| jayvdb added a comment. |
I agree with @valhallasw that this should be page based resumption.
The simplest solution (MVP) would, on pause, continue to run the existing generator, and write out a page title list to a file instead of processing the pages.
Then the resumption would use the page title list in the stored file using -file:xxx.
A better implementation would, on pause, store the next page title to be processed, and all of the generator arguments.
Then the resumption would create a new generator which resumes where the last generator stopped.
We need both approaches (e.g. the former is better if the input generator was -file:xxx, and the second approach will not be possible for some API generators that do not support a 'start from' title argument.

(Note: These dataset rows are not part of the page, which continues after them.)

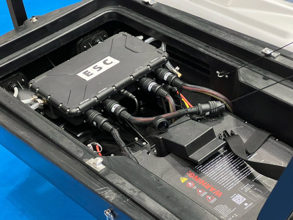 バッテリーは48V 35Aを搭載し、本体の全長は1.8m。船体重量57kg、装備重量90kg。
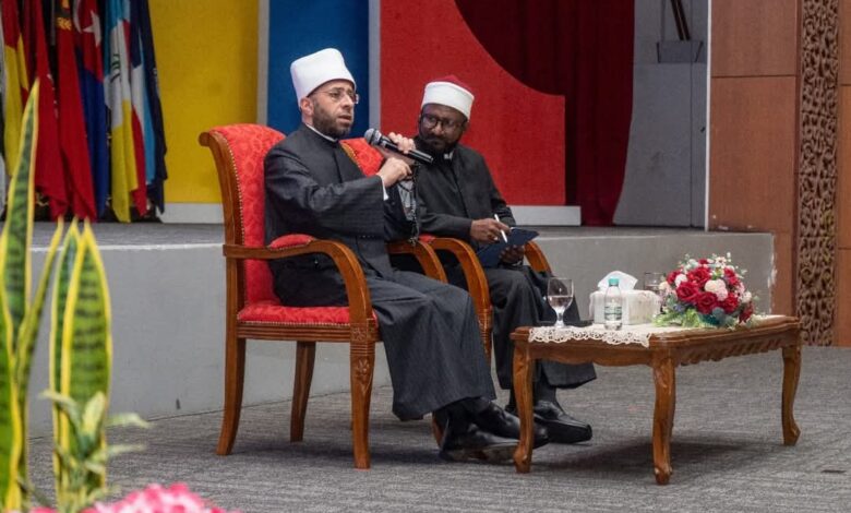 وقد ألقى وزير الأوقاف محاضرة في قاعة أحمد شاه بأكاديمية الشرطة الملكية الماليزية،
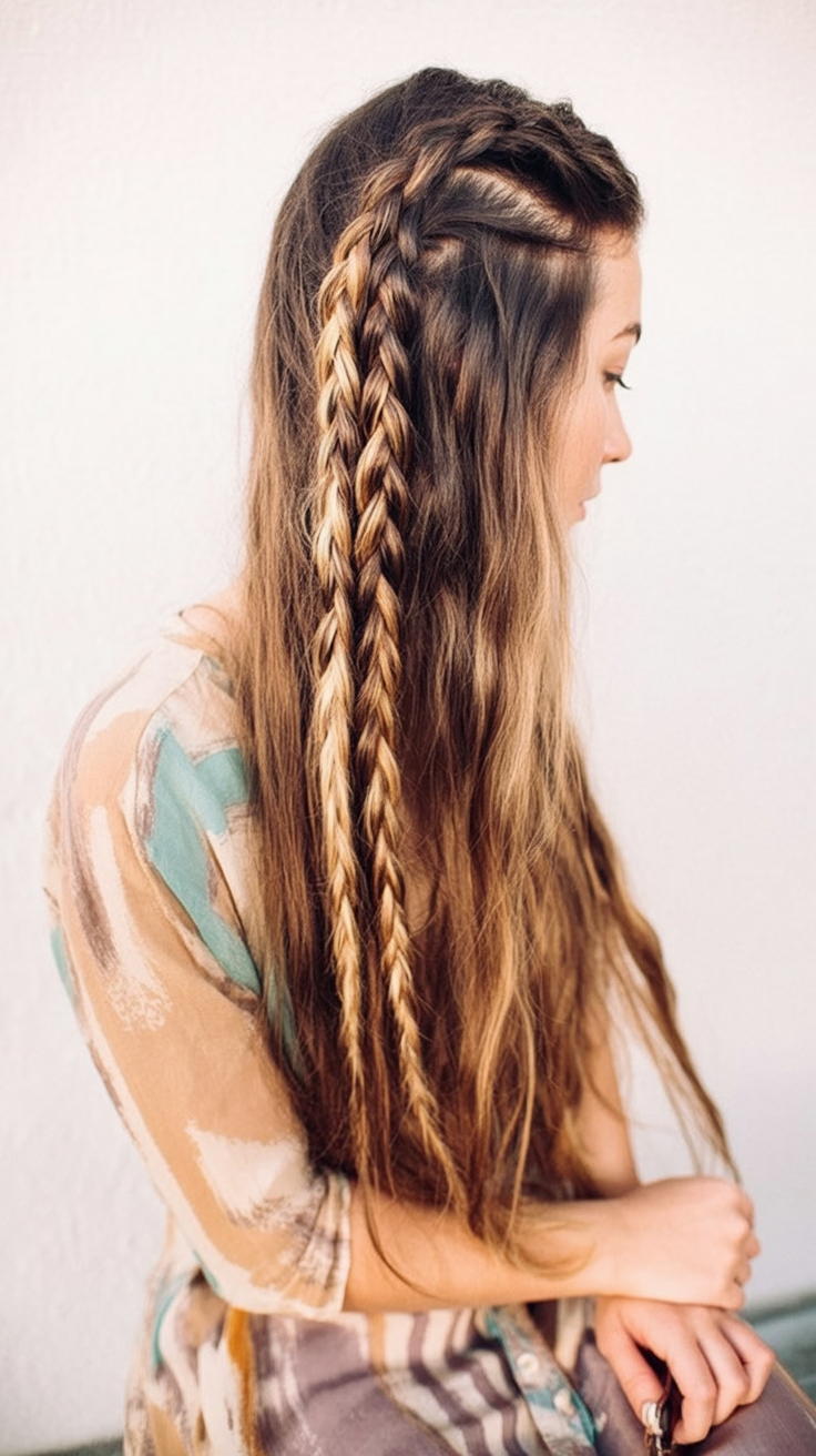 The quick weave and gentle braiding along the part line create a lovely texture, and then it softly waves and glows at the honeyed ends. It is polished and playful and different from the classic waves without going in for a festival look. This style is beautiful for both office and weekends, and it photographs fabulously. Comparison. If you love half up, half down but want something sleeker, this braided accent gives similar interest with less styling time. Straight hair textures with a gentle bend hold the braid cleanly, while a closure keeps the part crisp. Swap the braid for a thin ribbon or metallic thread when you’re in a birthday mood; leave it plain when you want understated chic.
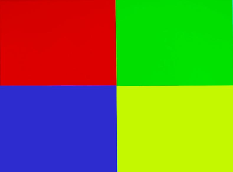 在256位色階測試中,為了將投影機在色彩方面的表現打到最佳,我們對投影機參數進行了適當調整以呈現最佳的色彩效果。通過測試畫面我們可以到除了最右側白色一列外,其他色位基本都能清晰分辨,表現還是很不錯的。
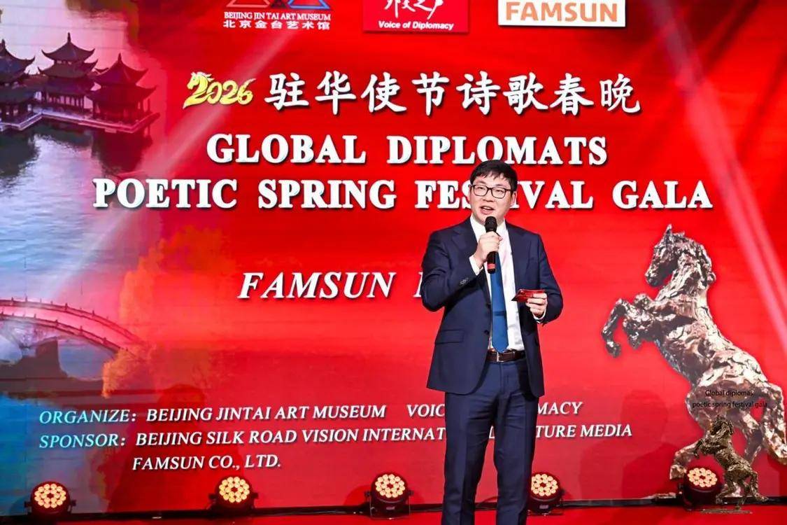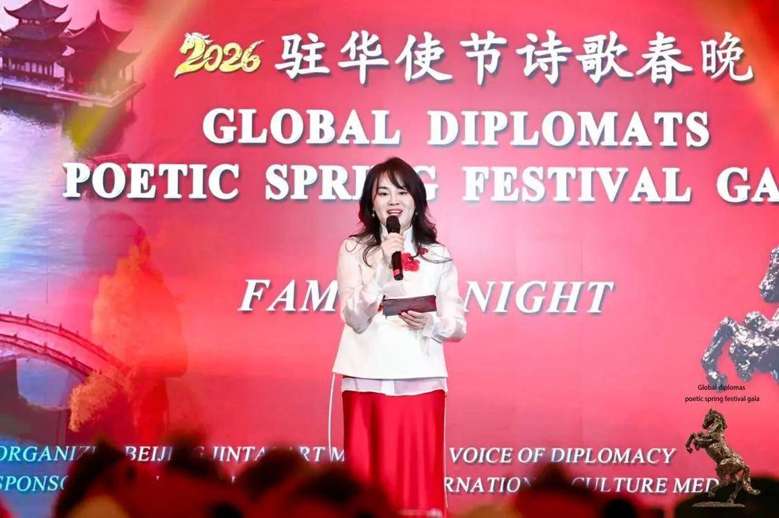 北京金台艺术馆副馆长罗肖代表主办方致辞,她热烈欢迎各国使节莅临金台艺术馆,向各国驻华使节致以新春问候。北京金台艺术馆自1996年创办以来,始终以“融通中外、以艺传情”为使命,搭建中外文化交流桥梁。2026丙午马年,活动以诗歌与艺术为纽带,让驻华使节共赏文艺、同品年俗,生动展现“各美其美、美美与共”的文明交流理念,进一步增进中外友谊,共迎新春。
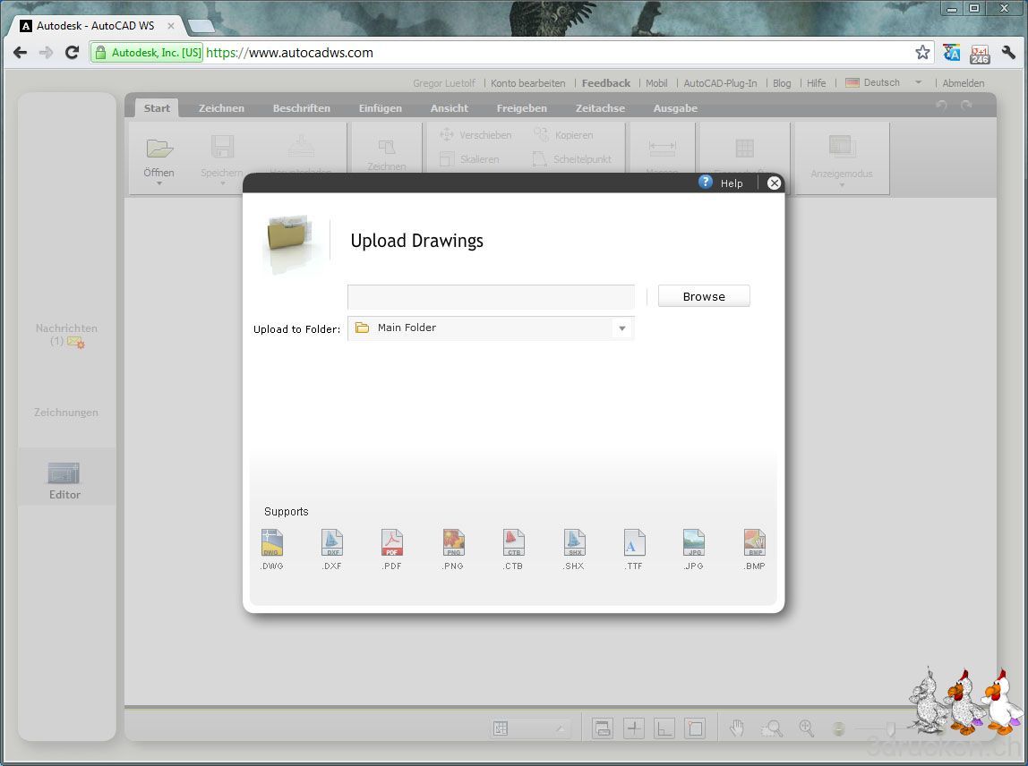 Online-Editor von Autodesk, Import von Modellen/Zeichnungen in den Formaten dwg, dxf, ctb, shx möglich. Stellte sich allerdings bei unseren Tests als einiges komplizierter dar, als das auf den ersten Blick aussah.
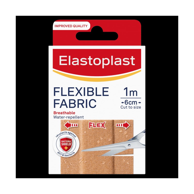 Elastoplast Flexible Fabric Wound Dressing Plaster with Elastoplast Bacteria Shield* is a flexible and breathable fabric strip that you can cut to the size you need. This water repellent plaster is able to cover and protect minor wounds against dirt and bacteria. It is suitable for covering all types of smaller, everyday wounds such as scratches, cuts and grazes whilst the material stretches with your skin's movements - making them appropriate for use over joints and other moveable parts of the body. The non-stick wound pad helps to ensure that the wound is cushioned and protected while the strong adhesive plaster stays in place. At 1m x 6cm, there is plenty of plaster to cut to the size you need for your wound. The plaster also contains 0% latex.

And there are some generators that are not pause/resume-able, like -random, in which case the user should simply re-run their original command to continue.
Resumption at the http/network level depends on the MediaWiki api maintaining/respecting old continuation data. This is not unreasonable in many cases, as the API continuation data is often page titles, etc.
However, while we may be able to pause/resume the http API process, the user may have hit pause at the first record of 5000 records in the last http API resultset, so that implementation will still need to handle the case of injecting cached data into the API layer before switching to resuming fetching from the http layer.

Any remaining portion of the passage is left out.